The visual delights of high heels were the subject of a post on this website on 24 March 2008 – go back and have a look. Recently however, the “high heels issue” was the subject of a motion at the UK Trades Union Congress (TUC), in September this year.

High heels

High heels

The Society of Chiropodists and Podiatrists (SCP) tabled a motion calling on employers who promote the wearing of high heels………..to examine the hazards involved. They suggested further that employers should not be able to insist on the wearing of high heels by female workers as part of a dress code.

It received massive media coverage, even pushing  Prime Minister Gordon Brown off the the early pages of some newspapers.

The dangers of long term (even short term) wearing of high heels are of back, hip and knee pains caused by the change in natural lower limb alignment. The forces placed on the metatarsals (balls of the feet) are estimated to increase sevenfold as the heel height increases.
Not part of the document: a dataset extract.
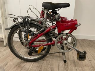 Bicicleta plegable DAHON ECO C7 en color rojo. - Cuadro de aluminio. - Ruedas de 20 pulgadas. - Portabultos trasero con pulpo. - Guardabarros. - Pata de cabra. - Luces delantera y trasera. recientemente revisada.

In addition there is an increased risk of  falling or tripping.

Needless to say there was intense debate of the issue. With one newspaper calling  it ‘raucous.”

If you compare your gait (way you walk)  barefoot or in low heeled shoes, with your gait in high heels, you can easily see that in heels your knees don’t extend, the heel can’t hit the ground first followed by the rest of the foot going over it – ‘heel over toe walking’ – so the muscles act differently and the joints get stressed. High heels shorten stride and cause a jarring to the joints.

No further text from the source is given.